Leafs and Red Wings trending in two different directions post Babcock decision

When Mike Babcock made the decision to leave Detroit and come to Toronto, it dramatically changed the trajectory of both franchises.

The Maple Leafs would go from having a pair bumbling coaches whose decisions were constantly second-guessed, providing ample fodder to the Toronto media, to one of the best coaches in the game who was respected league wide. The Red Wings went from a man who led them to 10 straight playoff appearances to Jeff Blashill, who was never a head coach at the NHL level.

So far, the two clubs are experiencing completely different results under their new head coach.

The Leafs have come out of the gate with a 6-9-4 record in 19 games. While on the surface the record doesn’t seem like an improvement, they’ve played much more structured hockey under Babcock.

From this year to last, the Leafs have improved their possession game, despite a less talented roster with a 49.4 Corsi for percent, which is up from the 46.4 percent rate they posted in 2014-15. The Leafs have generated more high-danger scoring chances (52.9 percent vs 44.5 percent), allowed fewer shots (30.3 vs 32.5) and goals against (2.0 vs 2.7) per 60 minutes at even strength. The club’s goal total is down, but the team has been snake bitten with a low 6.5 shooting percentage.

While Babcock puts too much trust into depth players (Nick Spaling is playing 17 minutes per game!!), his handling of Toronto’s younger franchise players has been fabulous. Morgan Rielly’s growth has continued under Babcock’s reign, and he’s being rewarded with a career high 22 minutes per game. Nazem Kadri has had more TOI per game out of any Leafs forward, and despite scoring only once this season, he’s not getting benched because he’s getting quality scoring chances and giving the Leafs hard minutes. The team is rewarding players who perform regardless of results. Who would have thought James Reimer would overtake Jonathan Bernier as the starting goalie this early in the season? But the Leafs are riding the hot hand and Bernier, who’s 0-7-1 with a .895 save percentage, isn’t handed opportunities just because his contract suggests he should.

The results aren’t there yet for the Leafs, but with Babcock behind the bench, you have to think when the Leafs roster has anything resembling talent on it, that the Leafs mediocrity will soon dry up.

The Red Wings have experienced some bumps this season, with a 9-8-2 record under Blashill.

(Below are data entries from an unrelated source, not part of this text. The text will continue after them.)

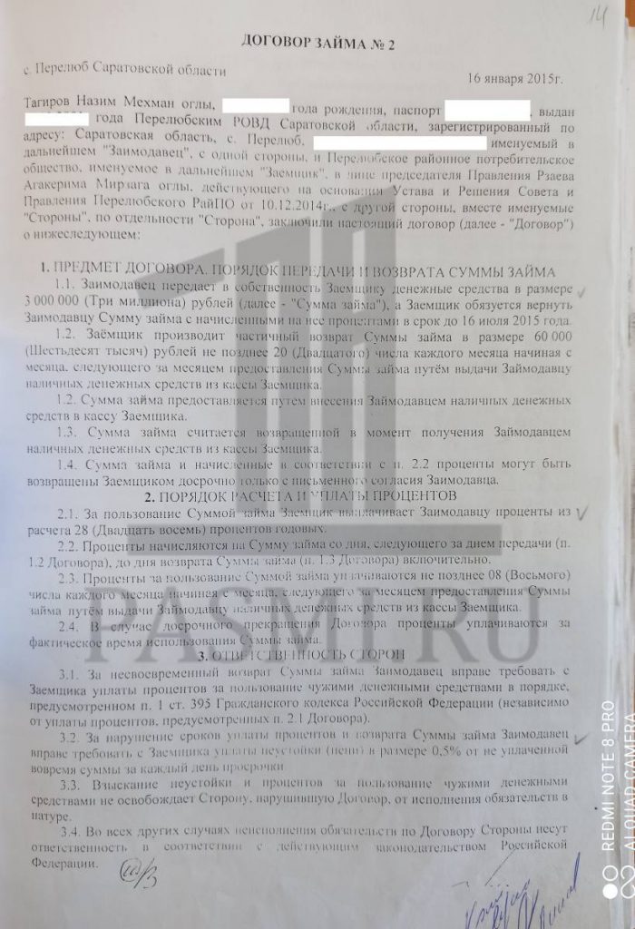 Согласно этому договору, Тагиров дал кооперативу в долг 3 млн рублейсроком на шесть месяцев. Из объяснений Рзаева, которые он позже озвучил в суде, средства понадобились организации, чтобы досрочно погасить кредит в “Россельхозбанке”.
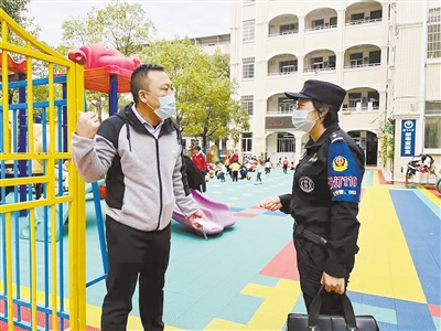 连日来,长汀县公安局巡特警大队组织民警、辅警前往辖区中小学校、幼儿园开展防火、防盗、防疫情输入等安全领域检查,开展治安隐患排查。截至22日,该大队深入8所校园开展检查,当场排除整改安全隐患苗头3处,散发各类安全防范宣传材料2300多份。图为民警深入校园了解校园治安情况时的情景。 通讯员 张菡珏 摄
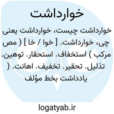 خوارداشت. [ خوا / خا ] ( مص مرکب ) استخفاف. استحقار. توهین. تذلیل. تحقیر. تخفیف. اهانت. ( یادداشت بخط مؤلف ):
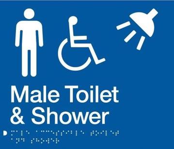 Male Toilet and Shower Braille Sign – Blue/Silver Features:
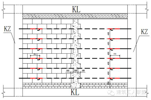 (1)拉结筋设置要求:拉结筋设置在灰缝内,0.000以下拉结筋位置沿墙高每隔500mm设置一道,通长设置。0.000以上拉结筋位置沿墙高每隔400mm设置一道,通长设置。拉结筋与拉结筋搭接长度为55d。
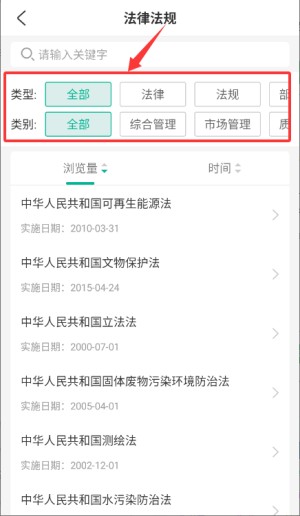 3.在界面按分类筛选查看具体法律详情,如“中华人民共和国可再生能源法” 。
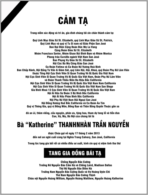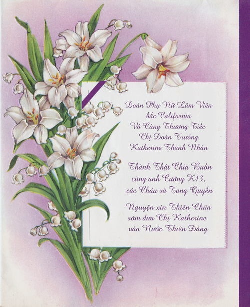 Trang chủ » Hội Võ Bị Bắc Cali » Thương Tiếc Chị Thanh Nhàn
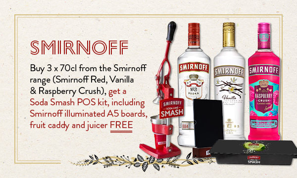 Buy 3 x 70cl from the Smirnoff range (Smirnoff Red, Vanilla & Raspberry Crush), get a Soda Smash POS kit, including Smirnoff illuminated A5 boards, fruit caddy and juicer FREE

The Wings have posted lower numbers in almost every single offensive category this season from last. At even strength, scoring is down (2.0 vs 1.7 GF60), so is possession (53.2 percent vs 48.8 percent) and they’ve allowed more shots for (51.1 percent vs 46.3 shots for percent).

Wings

 

With a 100.5 PDO, due largely in part to excellent goaltending, the team hasn’t been unlucky. Peter Mrazek has posted a great 94.58 even strength save percentage while Howard’s 92.78 mark is solid. Detroit has only stayed slightly above .500 with those numbers, and what’s worrisome. If either struggle, the Wings could be toast. 

While possession was expected to drop off following the loss of Babcock, I don’t think things are dire in Detroit. The Red Wings have been blitzed with injuries, as Pavel Datsyuk, Johan Franzen, Kyle Quincey, Brad Richards, Danny DeKeyser and Mike Green have all missed time with injuries. Datsyuk, one of best possession players in the game, has only appeared in four games. In those four games, the Wings have out-possessed their opponents. The Red Wings scoring has suffered this season and with Datsyuk, the catalyst of the offense, missing time it’s somewhat unfair to judge them.

The Wings are in the midst of a transition and it would be silly to assume they’d continue to produce the same numbers under Blashill. The numbers aren’t promising, but I think there’s room for improvement given health.

It certainly feels like a bizzaro world with the Leafs making strides towards improvement while the Wings are figuring things out post-Babcock, but here we are.